One of the characters introduced during his childhood was Shylock, the greedy, revenge-seeking loan shark in William Shakespeare’s play The Merchant of Venice.
Another was Fagin, the miser and villainous leader of a group of children in Charles Dickens’ novel Oliver Twist, he recalls.
“The goal of the Ba’ath party was to depict Jewish people as hideous, tarnishing their identity in the eyes of students. Unfortunately, we developed this point of view through Arabic books we were given to read,” he states.
Kheder likes to draw comparisons between the Kurds and Jews.

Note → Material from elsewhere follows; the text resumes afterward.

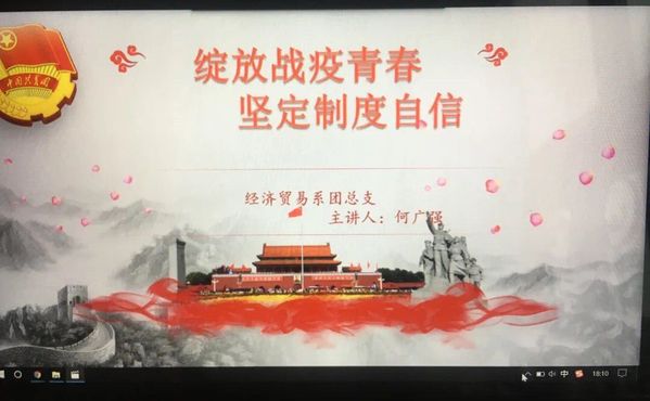 院团委积极组织我校新团干走上“云”端,开展“绽放战疫青春·坚定制度自信”主题网络团课活动。此次网络团课旨在讲清楚以习近平同志为核心的党中央对疫情防控工作的坚定信心、坚强领导和英明决策,引导青少年深刻领会党的集中统一领导是中国特色社会主义制度的最大优势,进一步增强“两个维护”的自觉性和坚定性;讲清楚在重大疫情面前全国上下的空前团结和众志成城,引导青少年深刻领会“全国一盘棋”的制度优势;讲清楚我国在抗疫斗争中展现出的强大组织动员能力,引导青少年深刻领会“调动各方面积极性、集中力量办大事”的制度优势;讲清楚我们党始终把人民群众生命安全和身体健康放在第一位的责任担当,引导青少年深刻领会“坚持以人民为中心的发展思想,不断保障和改善民生、增进人民福祉”的制度优势;讲清楚中国在全球疫情防控中展现的大国担当,引导青少年深刻领会我国“积极参与全球治理,为构建人类命运共同体不断作出贡献”的制度优势。

“The Jewish and Kurdish people share many similarities. Jews were dispersed for over 2,000 years. They were denied a place in their ancestral homeland. Their language was eliminated,” Kheder says.
“Wherever [the Jews] were present, they were held in lower esteem as underdogs,” he goes on before mentioning the similar oppression Kurds face in their respective states.
Both Jewish and Kurdish populations were encouraged in their ambitions by promises presented in the Treaty of Sèvres (1920) and Balfour Declaration (1917) respectively by large powers.
However, only the Jewish nation succeeded in creating a state, an achievement Kheder attributes to having a firmer belief in the right to self-determination.
“They rewrote history and the geography of the Middle East forever in 1948,” Kheder stresses.
“What they achieved is nothing short of a miracle. Kurds should follow this example. There are many lessons to be learned,” he concludes.